*** Opening Given data ***

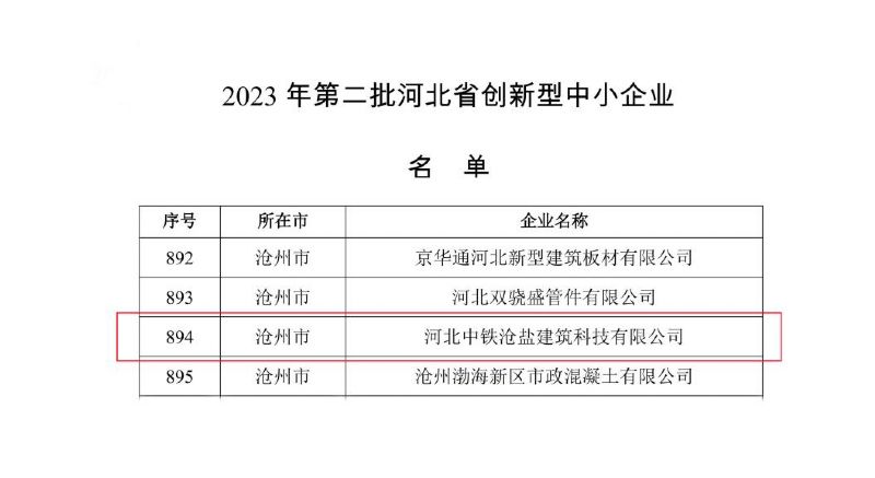 近日,河北中鐵滄鹽建筑科技有限公司獲評(píng)河北省2023年“創(chuàng)新型中小企業(yè)”榮譽(yù)稱號(hào)。
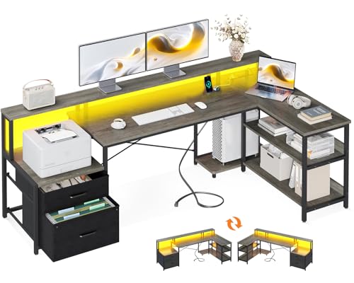 - 【Ample Storage Space】: The l shaped desk with storage offers ample storage solutions, including 2 file drawers, a printer cabinet, a 2-tier under bookshelf and a computer tower stand. With these features, you can easily keep your items organized and within reach.
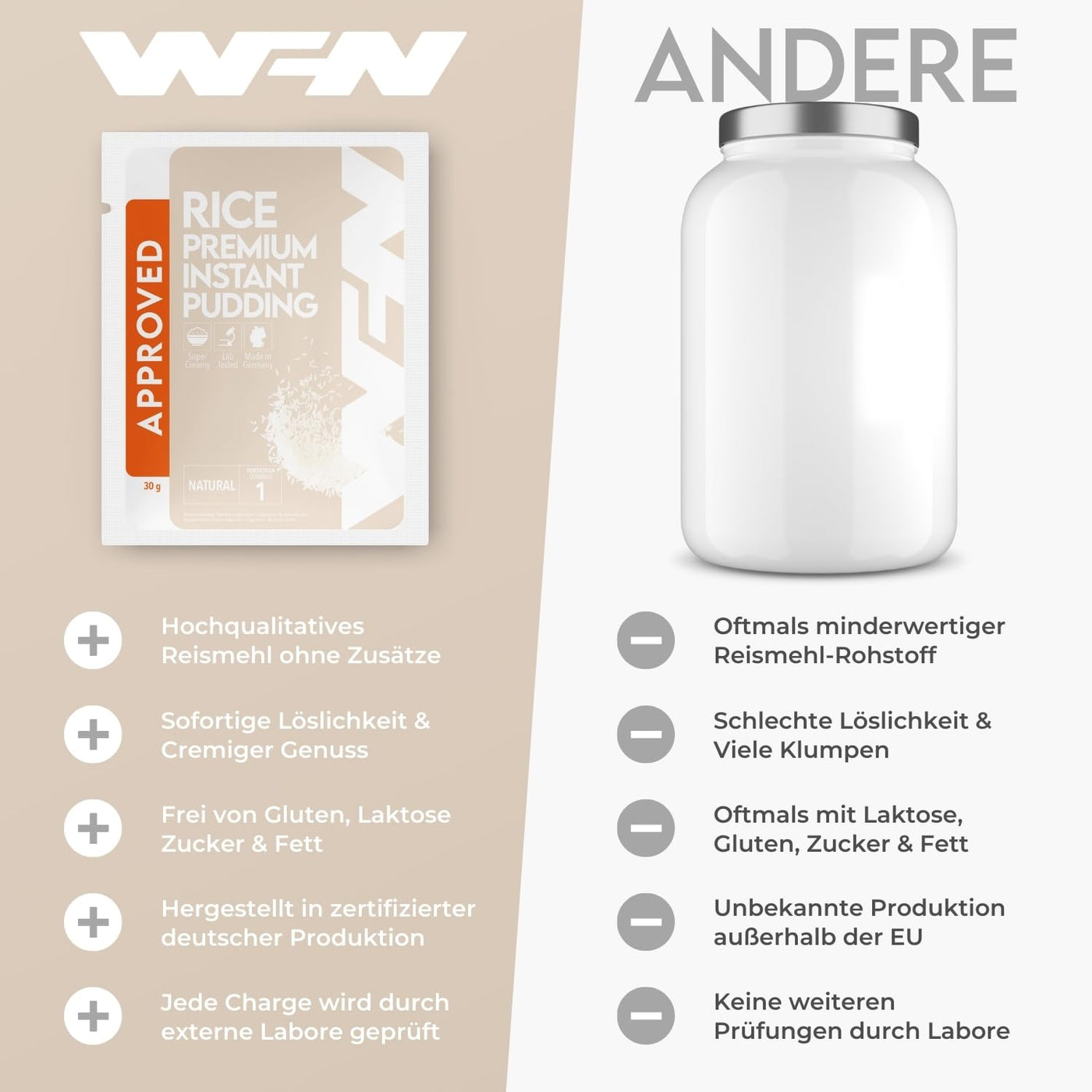 - LABORATORY TESTED - Like every supplement from WFN, the Approved Rice Pudding is made exclusively in Germany. Each batch produced is tested for microbiology and heavy metals by an independent, accredited laboratory.
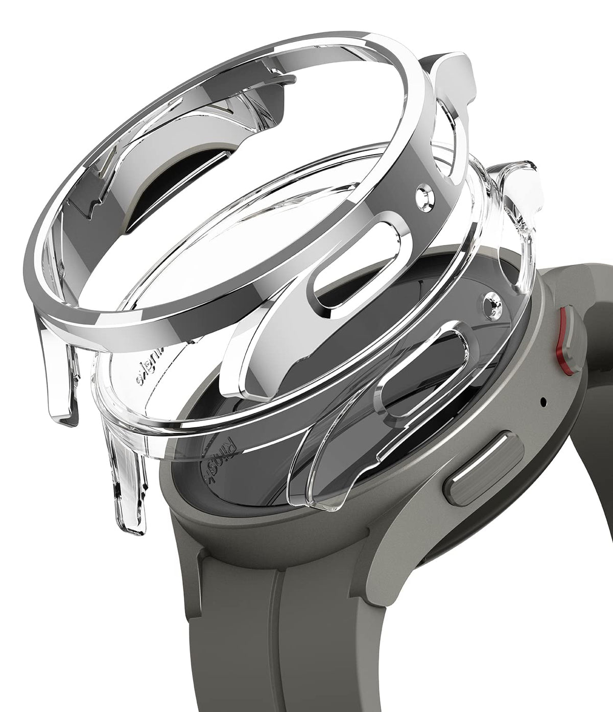 Ringke Slim Anti-Yellowing Material 2 Pack] Compatible With Samsung Galaxy Watch 5 Pro 45Mm Case For Minimalist Yet Sturdy, Solid Transparent Cover + Extra Color For Women, Men - Clear + Chrome

*** Closing Given data ***

• Activity: Write the data above out exactly. Leave out any pictures.

• Result of the task:
 近日,河北中鐵滄鹽建筑科技有限公司獲評(píng)河北省2023年“創(chuàng)新型中小企業(yè)”榮譽(yù)稱號(hào)。
 - 【Ample Storage Space】: The l shaped desk with storage offers ample storage solutions, including 2 file drawers, a printer cabinet, a 2-tier under bookshelf and a computer tower stand. With these features, you can easily keep your items organized and within reach.
 - LABORATORY TESTED - Like every supplement from WFN, the Approved Rice Pudding is made exclusively in Germany. Each batch produced is tested for microbiology and heavy metals by an independent, accredited laboratory.
 Ringke Slim Anti-Yellowing Material 2 Pack] Compatible With Samsung Galaxy Watch 5 Pro 45Mm Case For Minimalist Yet Sturdy, Solid Transparent Cover + Extra Color For Women, Men - Clear + Chrome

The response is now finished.